Tuesday, December 15, 2009

Favorite Records Of 2009

I'm an ardent defender of pop music. A good record is a good record and it shouldn't matter who made it. I've been known to get a little stupid in defense of a good pop tune. I love the Pet Shop Boys because they make great records. Pre-breakdown Britney had some very catchy singles, too. When was the last time you really listened to "Back For Good" by Take That? Absolutely gorgeous. And once a year, I feel I have to profess my love for the Backstreet Boys "I Want It That Way." But before I get to my favorite records of 2009, I want to go on record as saying that there is nothing worse, nothing more offensive than the popularity and success of Lady Gaga.
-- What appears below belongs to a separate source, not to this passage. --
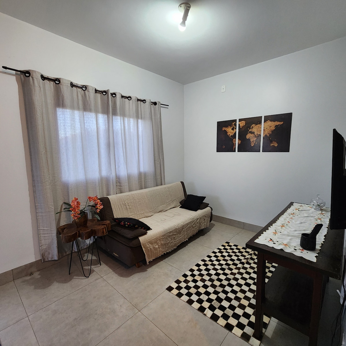 Studio proximo ao centro de Campo Novo do Parecis, ideal para quem vem a trabalho ou está de passagem. Cama de casal, cozinha de apoio, ar-condicionado gela o espaço todo, Wi-Fi e TV. Compacto e bem aproveitado. Decoração fora do padrão: parede teal, madeira e plantas. Limpo e pronto na sua chegada. Check-in independente código do cofre chega antes de você.

She gets my vote for worst EVERYTHING of 2009! Worst movie of 2009? Lady Gaga. Worst restaurant? Lady Gaga. Worst airline? You ga-got it. LADY GAGA.

Lady Gaga makes Tiffany look like Ethel Waters.

I'm through.

And now--


(in alphabetical order)


The best review I can give Benson's 4th solo album is that I played this record more than any other record this year. The first week it was in my possession, it basically served as the soundtrack to my day. Brendan Benson serves up some pop perfection on a dozen songs, with not so subtle nods to the British Invasion, Motown, and New Wave. Hook after hook, harmony upon harmony, "My Old, Familiar Friend" consistently satisfies. Check out "Feel A Whole Lot Better" and "Garbage Day" and you'll be hooked.


The uneven studio output of the Brothers Robinson has given us the great, "Shake Your Money Maker," "The Southern Harmony & Musical Companion," and "By Your Side" and the horrible "Lions" and Warpaint." But I have seen The Black Crowes multiple times on every tour since their first and they have never disappointed me. So it was a good idea to record their new album, "Before The Frost..." in front of a small, live audience at Levon Helm's Woodstock Barn, where the magic has finally been captured. This is what the boys do best; Faces-inspired rockers, The Band-inspired ballads, and the southern soul Chris & Rich Robinson were born to play. "...Until The Freeze, the bonus download disc doesn't fare as well. But it's got enough on it to keep everyone happy.

I hope we all know the story by now. Early on in Miss Cash's career, her very famous dad gave her a list of 100 essential songs. "The List" features 12 of them, or at least what Rosanne recalls being on the list. The new book "Always Been There: Rosanne Cash, The List, and The Spirit Of Southern Music" explains, among many other things, that the "list" was safely misplaced (my words). No matter. Both the book, and the CD are two of my favorite things of the year. What Rosanne Cash and producer/husband John Leventhal bring to this collection is not just another standard reading of country standards. Instead, every song here, no matter how many times you think you've heard it, (songs like "Sea Of Heartbreak," "Take These Chains," and "Long Black Veil,") has been reinvented, not so much to damage the legend, but just enough to let Rosanne Cash shine.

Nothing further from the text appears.